Output exactly, and only, the stretch of lines beginning at the line with "3) Immerse the" and ending at the last line of the listing below. Drop the pictures.

Data block =>
____________________

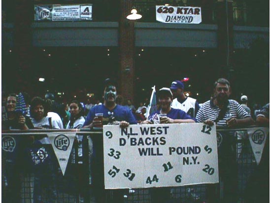 Historic first ever playoff game to be held in Arizona. Here's a few scenes from that evening from Bank One Ballpark ( BOB). To see a larger view, click on the image.
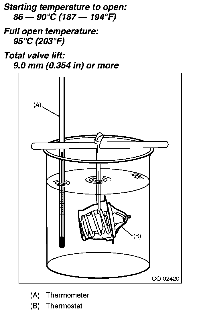 3) Immerse the thermostat and a thermometer in water. Raise water temperature gradually, and check the temperature and valve lift when the valve begins to open and when the valve is fully opened. Replace the thermostat if faulty.
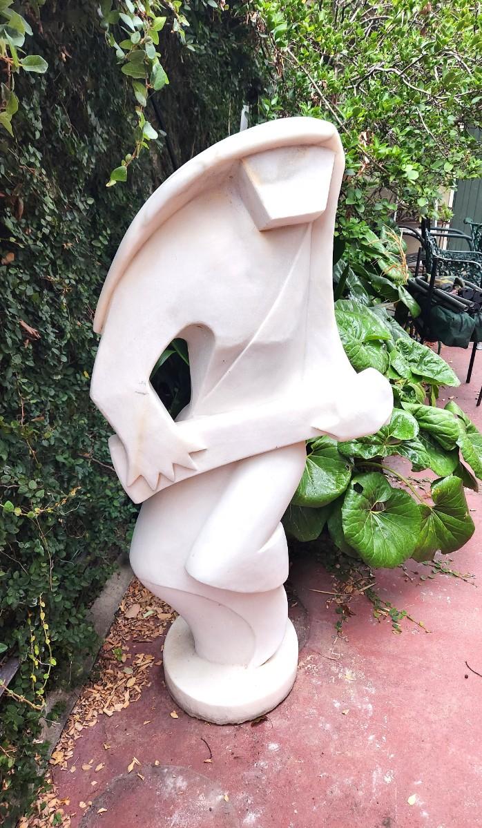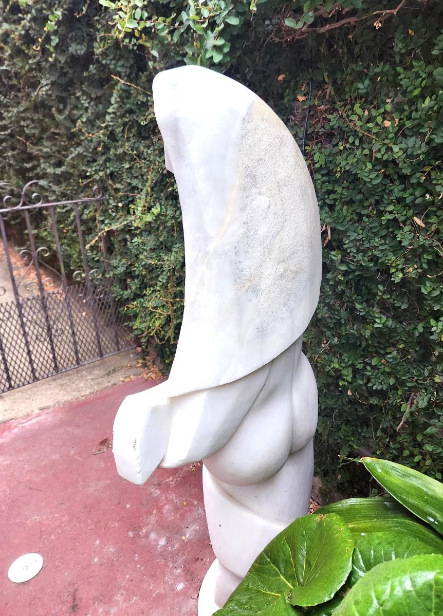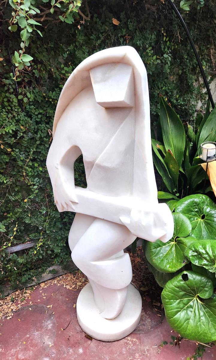 Sexless indoor/outdoor figure with stringed instrument - done in solid marble/alabaster. Has some repaired damage to the base. 55" tall, 25" wide. Lovely piece (unsigned) but to say this is heavy is an understatement. Buyer is completely responsible for moving/loading - we cannot assist.

____________________

Reply to the exercise =>
 3) Immerse the thermostat and a thermometer in water. Raise water temperature gradually, and check the temperature and valve lift when the valve begins to open and when the valve is fully opened. Replace the thermostat if faulty.
 Sexless indoor/outdoor figure with stringed instrument - done in solid marble/alabaster. Has some repaired damage to the base. 55" tall, 25" wide. Lovely piece (unsigned) but to say this is heavy is an understatement. Buyer is completely responsible for moving/loading - we cannot assist.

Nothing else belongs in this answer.